Vedanta (or Upanishad) literally means the end of Veda or the concluding portion of Vedas. Now this can have two meanings:
1) If Veda considered a book then Vedanta it's concluding chapters. In this case, there is virtually no difference between the two. So, there is no need to mention them separately when they are mentioned together.
2) Vedanta are the supplementary texts that are appended to the ends of Veda at a later period. Even saints like Rishi Aurobindo agrees with the Upanishadic period being much later to the Vedic period.
The conclusion 2 appears to me as much more reasonable.
Now, while its virtually impossible (IMHO) to prove that Upanishads or Vedanta are also a part of Vedas (i.e they are Sruti or heard by Rishis ) but indications which point to the opposite direction are many.
Therefore the Yogis that want rewards meditate Her, Who is of the
nature of Vidyâ and Who is devoid of attributes. The best Munis, the
knowers of the truths of Vedanta meditate on Her as formless,
immutable, stainless, omnipresent Brahmâ devoid of all Dharma. She is
described in some Vedas and Upanishads as full of Light (Tejas)
The Brâhmins, versed in the Vedas and Vedantas, are objects of
venerations and must be worshipped. Give, then, them always according
to merits, cows, lands, gold, etc.
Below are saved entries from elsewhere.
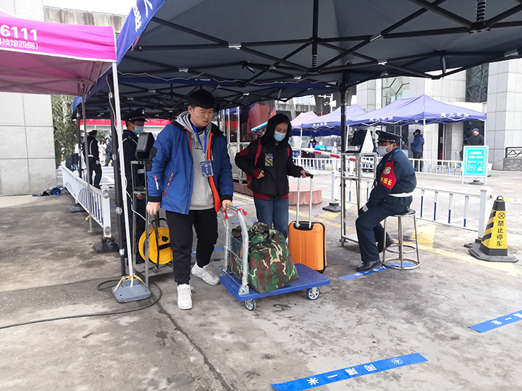 3月2日,艺术学院组织学生志愿者来到学校大门口帮助同学们搬运行李,迎接大家返校。
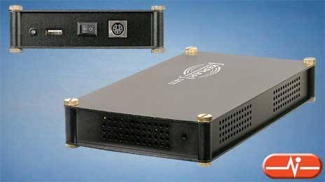 Conector USB tipo "B" hembra | 1 | Conector Mini-Din 6 hembra | 1 | Conector IDC 40 hembra, negro | 1 | Conector de alimentación 5,25" de 4 p. macho | 1 | Tipo de carcasa | Aluminio | Color | Negro | > | Incluye cable de conexión al PC |
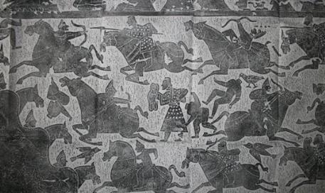 画像石上的水陆攻战图在出使西域的使者中,历经了早期的投机取巧阶段之后,除了类似于江充、冯奉世、傅介子等自愿出使的使者之外,还有一部分是被汉朝廷选拔或者地方官举荐的使者。这些人的特点往往是:如果是平民,往往有过人的武勇或者才干,能够担当大任,比如前106年,汉武帝就下诏“令州郡察吏民有茂材异者,可为将相及使绝国者”;而从有官吏身份中选出的使者,往往是武官,或者是属于郎中令体系的光禄勋属官,前者的特征是武艺高强,能够吃苦耐劳,能够应对突发的军事行动,乃至指挥军队作战,比如班超、郑吉、冯奉世等人,而后者则是“无常事,唯诏令所驱使”所以有利于接受临时的征发调度,为国效力。
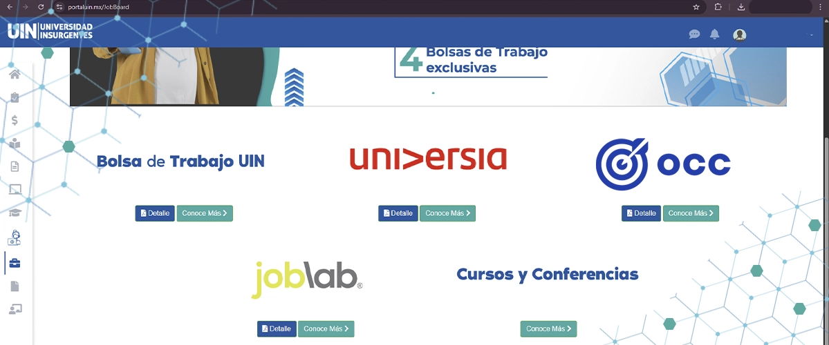 Con más de 3,500 vacantes exclusivas en UIN y una tasa de empleabilidad del 85%, Universia Jobs refuerza nuestro compromiso de abrirte puertas al mundo laboral. Participa en talleres, clases y cursos semanales de empleabilidad para seguirte preparando y enfrentando los retos del triunfo real. ¡Comienza hoy!
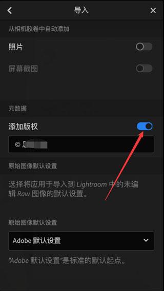 4、然后进入到导入界面后,下面有一个添加版权,打开它,里面的水印名字可以更改。
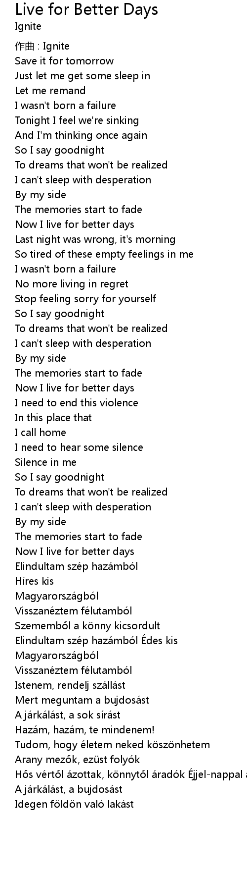 | Now I live for better days | |
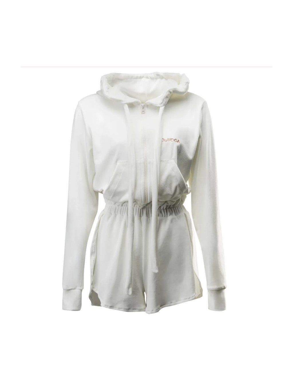 Vrchní část obleku má kapuci a dlouhé rukávy a zapíná se na pohodlný zip. V pase je všitý elastický pásek, který zvýrazňuje siluetu a zajišťuje pohodlné nošení. Spodní část tvoří krátké šortky s mírně rozšířenými nohavicemi, které dodávají lehkost a volnost pohybu.
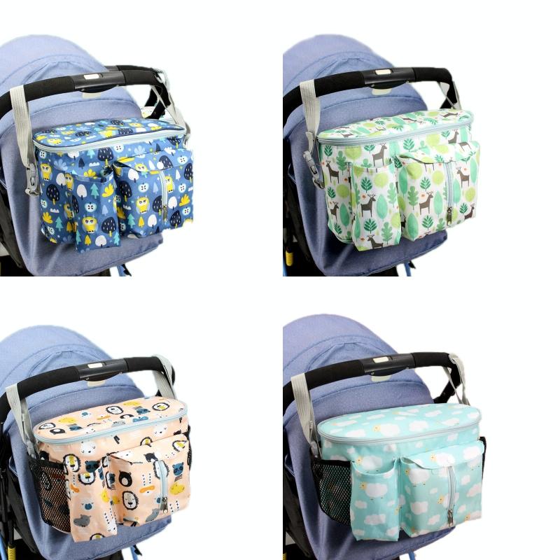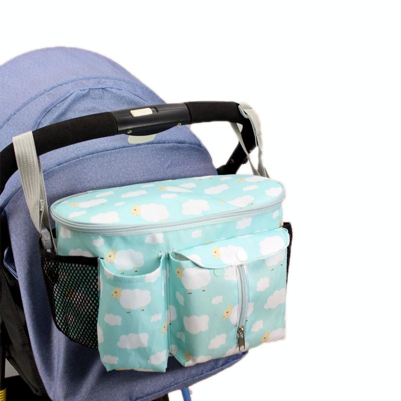 Multifunctional Baby Stroller Storage Bag, Colour: Green Lamb + Side Pocket
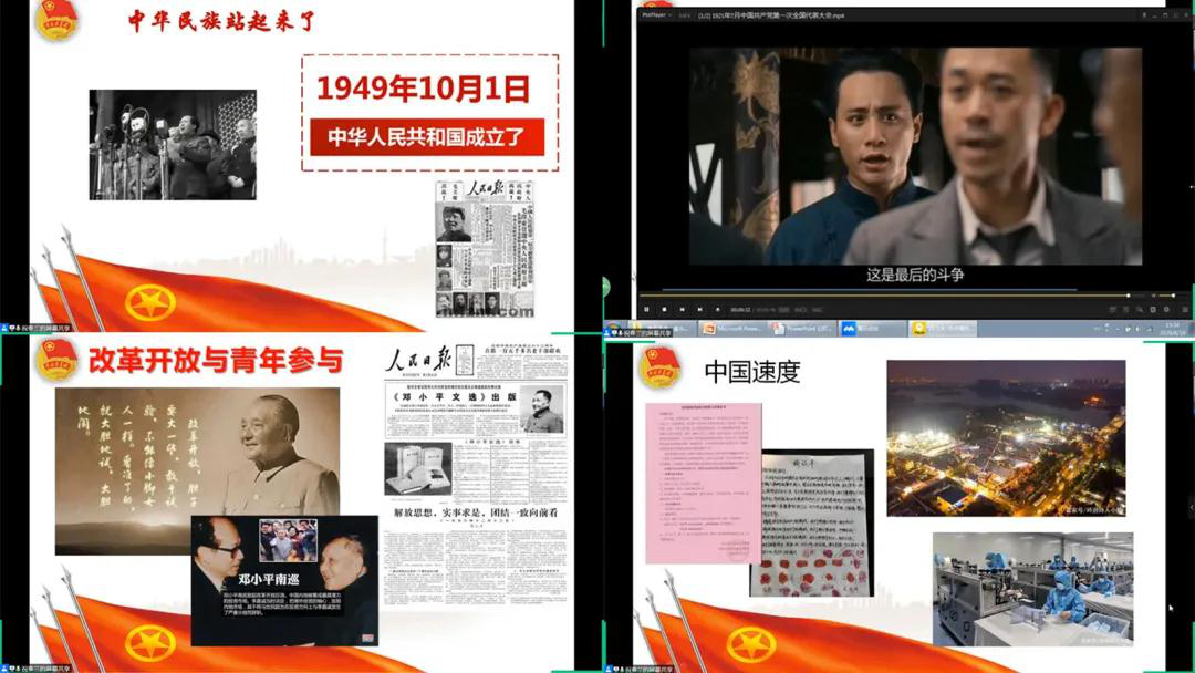 备课交流会上,“四史”宣讲队成员以小组为单位分别进行了试讲。从社会主义的思潮演变到抗战时期江南新四军在游击战中发展壮大的原因,到改革开放中的经济特区……各组同学从有代表性的历史事件讲起,从一个个鲜活的案例讲起,从对进入新时代的点滴感知和体会讲起。因疫情未能返校的宣讲队成员也全程在线,或云端试讲,或全程学习,或参与交流。
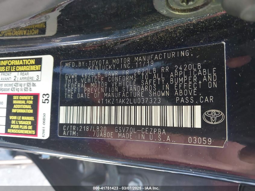 2020 TOYOTA CAMRY 2020 Gasoline, 3.5, Front wheel drive, VIN - 4T1KZ1AK2LU****** from the USA
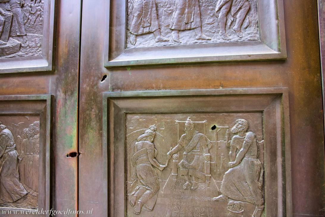 De St. Jacobuskathedraal in Šibenik: De bronzen deuren werden in 1991 tijdens de Kroatische Onafhankelijkheidsoorlog (1991-1995) beschadigd. Er zitten meerdere kogelgaten in de deuren en muren van de kathedraal. De deuren werden in 1967 gemaakt door Grga Antunac, een uit Šibenik afkomstige beeldhouwer. Na de oorlog heeft het internationale en Kroatische experts jaren gekost om de schade aan de St. Jacobuskathedraal in Šibenik te herstellen. De kogelgaten zitten nog in de deur als een herinnering aan de oorlog.
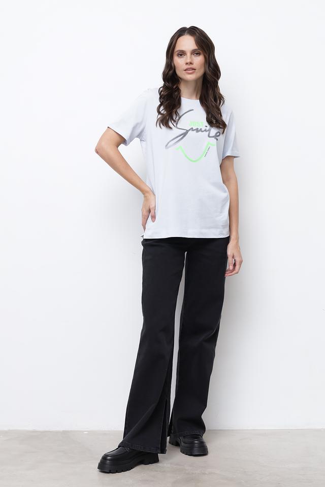 Модель имеет свободный крой, что обеспечивает максимальный комфорт при ношении. На передней части футболки расположен яркий принт "Just Smile", выполненный в сочетании серебристого и лаймового цветов, добавляющий образу оригинальности.
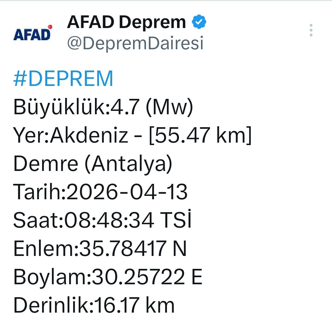 Antalya Yayınlanma: 13 Nisan 2026 - 09:03 Antalya'da 4,7 büyüklüğünde deprem Antalya'nın Demre ilçesi açıklarında 4,7 büyüklüğünde deprem meydana geldi. Antalya 13 Nisan 2026 - 09:03 Yorumlar TAKİP ET A Büyüt A Küçült Yorumlar Antalya'nın Demre ilçesi açıklarında 4,7 büyüklüğünde deprem meydana geldi. Antalya’da hissedilen deprem meydana geldi. Afad tarafından açıklanan rakamlarda depremin 4.7 şiddetinde olduğu öğrenildi. # antalya deprem# deprem# antalya son dakika deprem# antalya demre deprem# antalya deprem son dakika YORUMLAR adlı kullanıcıya cevap x Gönder İlginizi Çekebilir Antalya Demre'de 5 dakika arayla iki ayrı deprem! Büyükşehir’den Parkinson hastalarına özel eğitim Sırtı yere gelmez baş pehlivan Ali Gürbüz Antalya Kepez Belediyesine transfer oldu Kuzugöbeği mantarı kaç para? Hangi şehirlerde ve ne zaman yetişiyor? Son Haberler Çarpmanın etkisiyle 20 metre uzağa fırladılar ! Dünya saatini 17.00'ye kurdu! İran'dan peş peşe sürpriz açıklamalar Antalya'da şok olay: Reçete ile uyuşturucu aldılar! Doktora ve eczaneye... Antalya Demre'de 5 dakika arayla iki ayrı deprem! Akaryakıtta indirim kapıda: Motorine indirim ne zaman? Kaç tl düşecek! Akaryakıtta indirim kapıda: Motorine indirim ne zaman? Kaç tl düşecek! Akaryakıtta indirim kapıda: Motorine indirim ne zaman? Kaç tl düşecek!
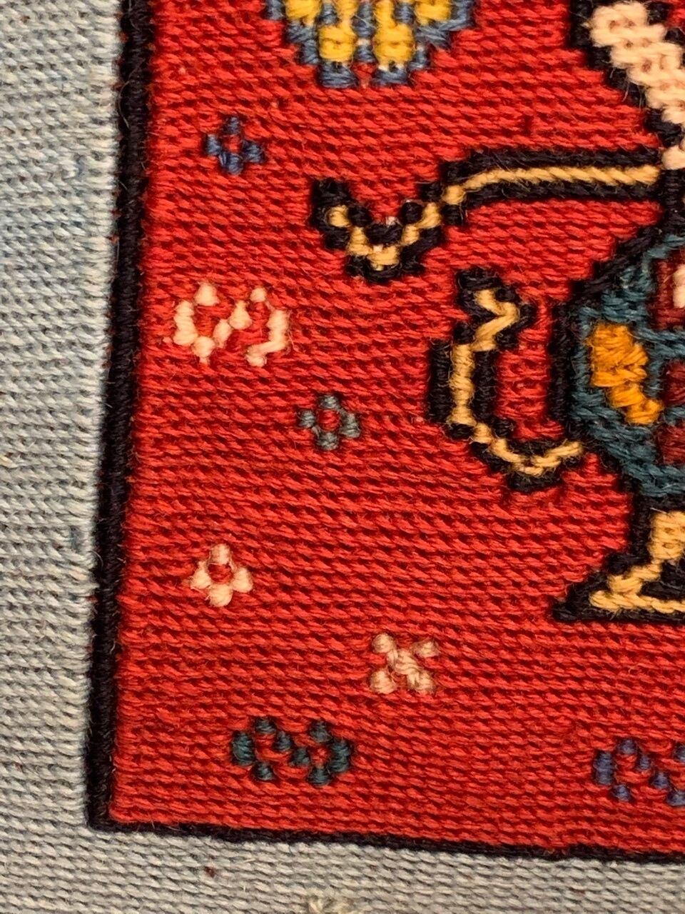 上質なウールをしっかりと撚った糸が使われているため全体的にもツヤがあり、しっとりとした肌触りの上質なキリムです。
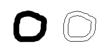 tracing the borders or boundaries of, in this case, a binary image. The two images below illustrates what the algorithm does with a pure black and white/binary image.
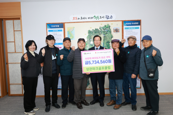 완주군 상관파크골프클럽이 최근 군수실에 방문해 상관면을 위해 사용해 달라며 후원금 573만 4,560원을 전달했다.
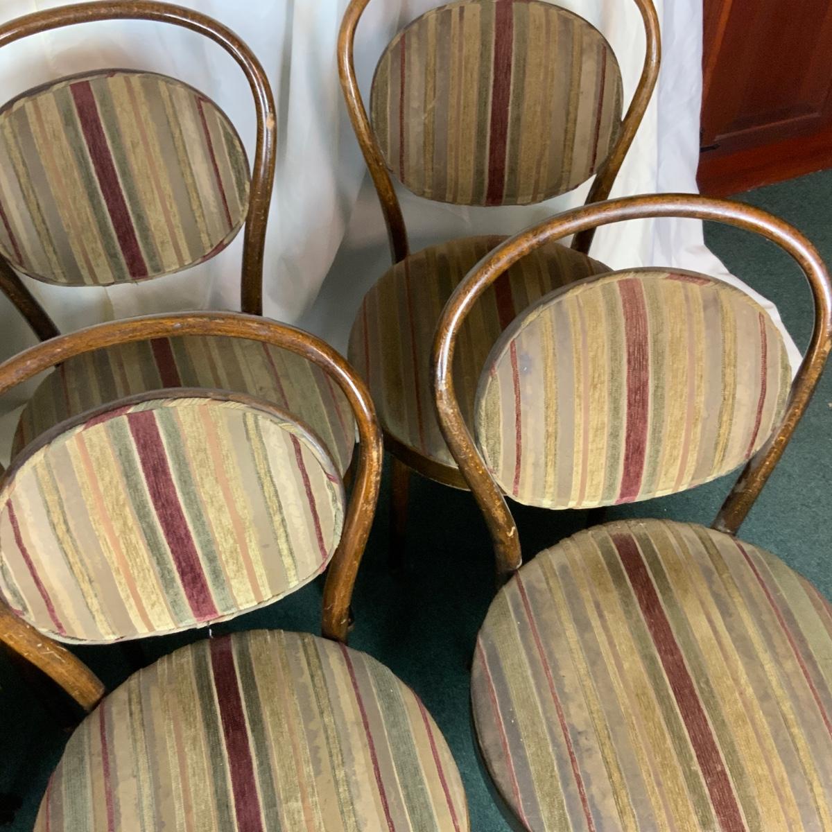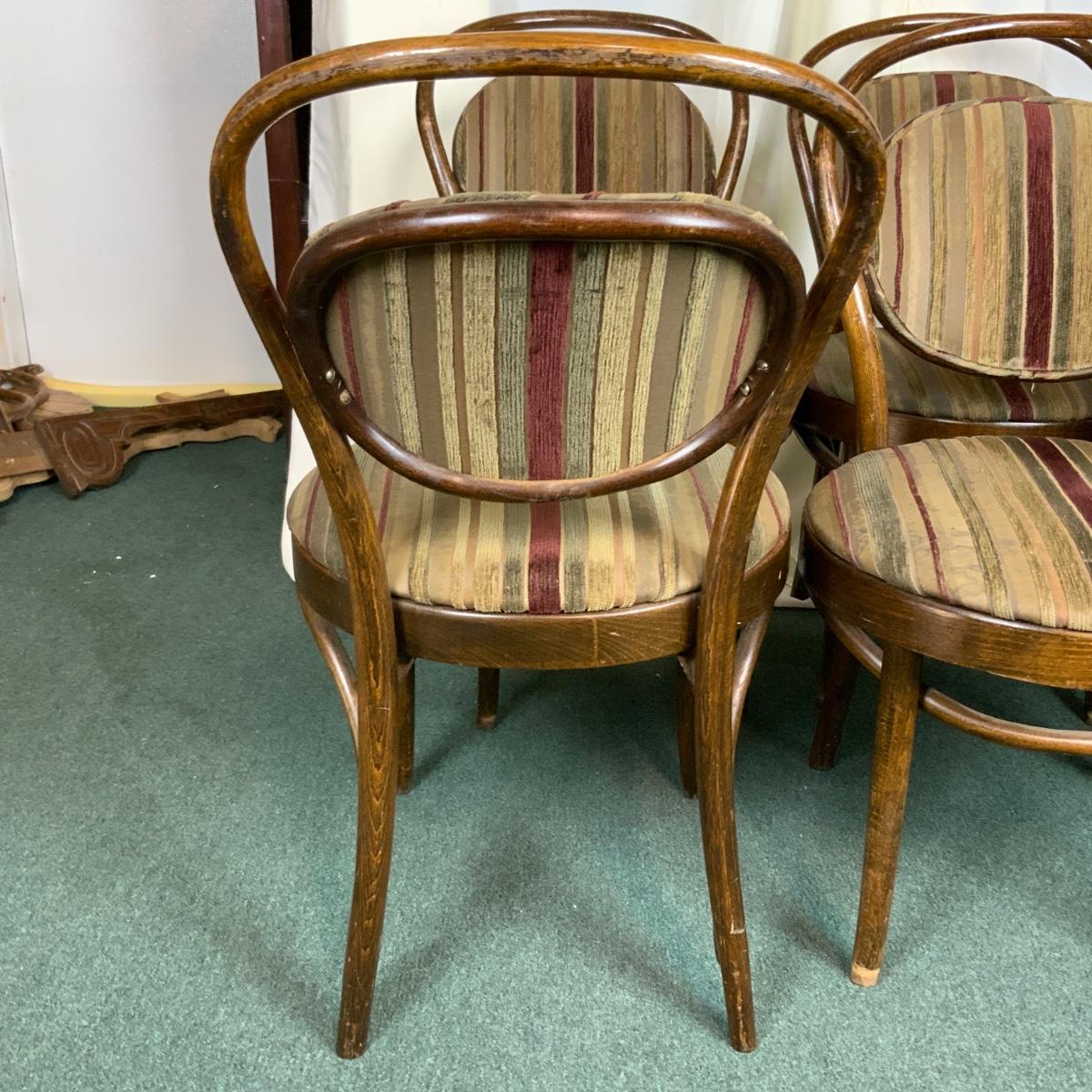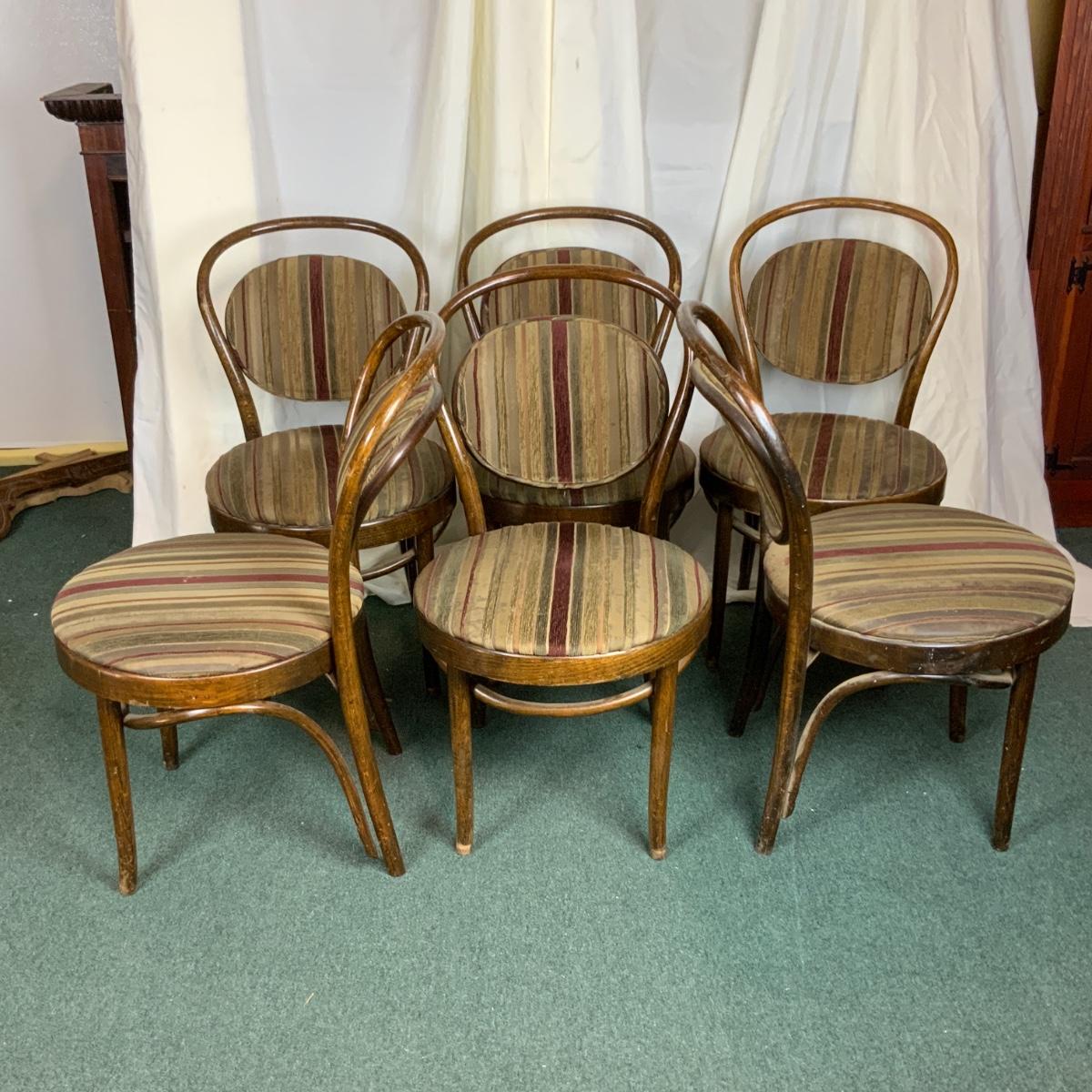 Set of Six Bent Wood Bistro Chairs. They all match and look great! //::\\ Please see photos for details and condition. No attempt has been made to hide any imperfections. All items listed in this auction are warehouse items, and need to be cleaned. A majority of the items need restoration as well. All items are sold AS IS and WITHOUT GUARANTEE. If you are uncertain about an item, DO NOT BID. Due to the nature of this online auction in-person inspection is HIGHLY recommended. All Sales are FINAL. Pick Up Times are FIRM. Please confirm with your own schedule that you can pick up in the scheduled times listed in the Terms and Conditions. Any questions please message the auctioneer. DO NOT Contact The Harp Gallery.
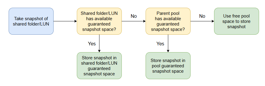 Garantierter Snapshot-Speicherplatz für Freigabeordner/LUNs ist Speicherplatz, der in einem Speicherpool für die Speicherung von Snapshots eines bestimmten Freigabeordners oder einer LUN reserviert ist.
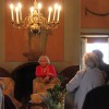 | Begin van die verrigtinge binne die huis. Die voorsitter van die Familiebond, Dennis Malan, is aan die woord. Weens 'n operasie aan sy voet was sy voet in gips en moes hy met 'n rolstoel oor die weg kom. | |

Don’t worship any Brâhmin who is
illiterate. Don’t give to illiterates more than their belliful wants.
The Devi BhAgabatam, Book 3, Chapter 1.
Now, if Vedanta=Vedas, then there remains no need to mention them separately in the same sentence. Right? But as you can see they are mentioned separately.
Even the Brihad Aranyaka Upanishad mention Vedas and Upanishads separately while mentioning them together. Following are the relevant verses from the Upanishad.
"As from a fire kindled with wet fuel various kinds of smoke issue
forth, even so, my dear,
the Rig—Veda, the Yajur—Veda, the Sama—Veda, the Atharvangirasa, history (itihasa), mythology (purana), the arts (vidya), the
Upanishads, verses (slokas), aphorisms (sutras), elucidations
(anuvyakhyanas) and explanations (vyakhyanas) are like the breath of
this infinite Reality. From this Supreme Self are all these, indeed,
breathed forth. (4.5.11)
Janaka, Emperor of Videha, rose from his lounge, humbly approached
Yajnavalkya and said: "Salutation to you, O Yajnavalkya. Please
instruct me." Yajnavalkya said: "Your Majesty, as one who wishes to go
a long distance would procure a chariot or a ship, even so you have
fully equipped your mind with so many secret names of Brahman. You are
also honoured and wealthy; you have studied the Vedas and heard the
Upanishads. But do you know where you will go when you are released
from this body?"
Verses from Brihad Aranyaka Upanishad,(4.2.1) .
The Vyasa Smriti also does the same:
Then having recited the Gayatri, the twice-born ones should commence
the study of the Vedas. Having studied portion of the Saman, Yajus,
and Atharvan, they should commence reading the Itihasas, Puranas and
Upanishads, either entirely, or in parts, if a complete perusal is not
feasible. This should be done every day. (910) (Vyasa Smriti)
So, option 2 is much more reasonable. They are appended later to the Vedas by the teachers so that the students can master the terse content of Vedas easily.
They are like appendices to the Vedas but very important texts none the less.